De voor Groen aangewezen gronden zijn bestemd voor:

  1. a. plantsoenen;
  2. b. groenvoorzieningen (waaronder begrepen fiets- en voetpaden, toegangswegen en -paden naar percelen, water en waterberging, taluds);
  3. c. beplanting;
  4. d. speelvoorzieningen, speelveldjes;
  5. e. sculpturen en andere kunstzinnige bouwwerken;
  6. f. ondergrondse vuilcontainers.

8.2 Bouwregels

Voor het bouwen gelden de volgende regels:

Op de voor groen aangewezen gronden zijn uitsluitend met de bestemming verband houdende andere bouwwerken toegestaan, met een bouwhoogte van niet meer dan 4 meter.

8.3 Specifieke gebruiksregels

Voor het gebruik gelden de volgende regels:

De voor groen aangewezen gronden mogen niet voor parkeren worden gebruikt.
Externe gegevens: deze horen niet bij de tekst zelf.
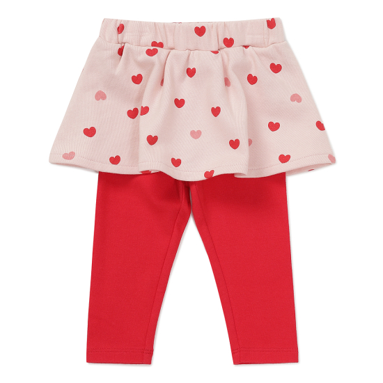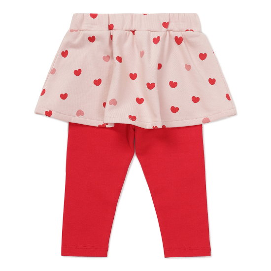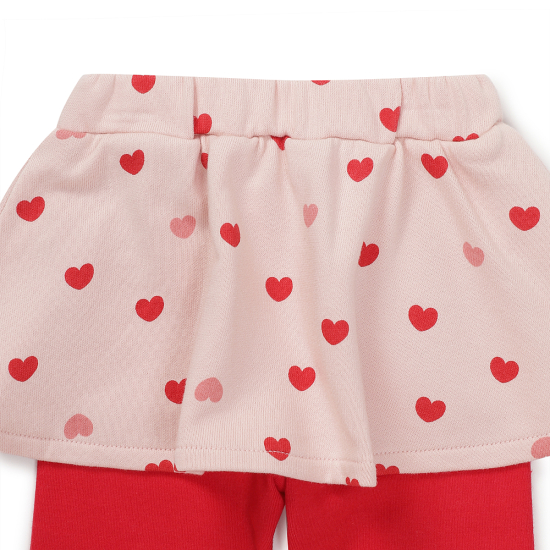 하트패턴 치마 레깅스로 사랑스러움을 더했으며, 겨울 시즌에 등원록으로 활용하기 좋습니다.

8.4 Afwijken van de gebruiksregels

Het bevoegd gezag kan door middel van het verlenen van een omgevingsvergunning afwijken van het bepaalde in 8.3 ten behoeve van de realisatie van parkeervoorzieningen.

Artikel 9 Maatschappelijk

9.1 Bestemmingsomschrijving

De voor Maatschappelijk aangewezen gronden zijn bestemd voor:

  1. a. het uitoefenen van activiteiten gericht op sociale, maatschappelijke, educatieve en openbare dienstverlening, waaronder begrepen: gezondheidszorg, zorg en welzijn, jeugd- en kinderopvang, onderwijs, religie, bibliotheken, openbare dienstverlening, verenigingsleven;

alsmede voor:

  1. b. ter plaatse van de aanduiding 'specifieke vorm van maatschappelijk-veiligheidshuis', een gemeentewerf, politiepost, brandweer- en ambulancekazerne;
  2. c. daarbij behorende voorzieningen zoals (ontsluitings)wegen, paden, parkeervoorzieningen, groenvoorzieningen, nutsvoorzieningen en water;

met dien verstande dat:

  1. d. een bedrijfswoning niet is toegestaan.

9.2 Bouwregels

Voor het bouwen gelden de volgende regels:

9.3 Specifieke gebruiksregels

Voor het gebruik gelden de volgende regels:

De voor Maatschappelijk aangewezen gronden en bebouwing mogen mede worden gebruikt voor ondergeschikte kantine- en sportvoorzieningen ten dienste van de toegelaten instellingen/voorzieningen.

Artikel 10 Tuin

10.1 Bestemmingsomschrijving

De voor Tuin aangewezen gronden zijn bestemd voor:

  1. a. tuinen behorende bij de op de aangrenzende gronden gelegen gebouwen.

10.2 Bouwregels

Voor het bouwen gelden de volgende regels:

  1. a. Op de voor tuin aangewezen gronden zijn uitsluitend andere bouwwerken ten dienste van de bestemming toegestaan, met dien verstande dat:
    1. 1. ter plaatse van de aanduiding 'specifieke bouwaanduiding - bijgebouwen 1', aan- en uitbouwen en bijgebouwen met een bouwhoogte van maximaal 3 meter ten behoeve van de bijbehorende woning zijn toegestaan tot een maximale gezamenlijke oppervlakte van 8 m² per woning;
    2. 2. ter plaatse van de aanduiding 'specifieke bouwaanduiding - bijgebouwen 2', aan- en uitbouwen en bijgebouwen met een bouwhoogte van maximaal 3 meter ten behoeve van de bijbehorende woning zijn toegestaan, mits de gronden ter plaatse van deze aanduiding bij elke woning voor niet meer dan 50% worden bebouwd.
  2. b. de bouwhoogte van andere bouwwerken mag voor de voorgevellijn van het hoofdgebouw niet meer bedragen dan 1 meter en achter de voorgevellijn niet meer dan 2 meter, met dien verstande dat de bouwhoogte van een vlaggenmast niet meer mag bedragen dan 8 meter.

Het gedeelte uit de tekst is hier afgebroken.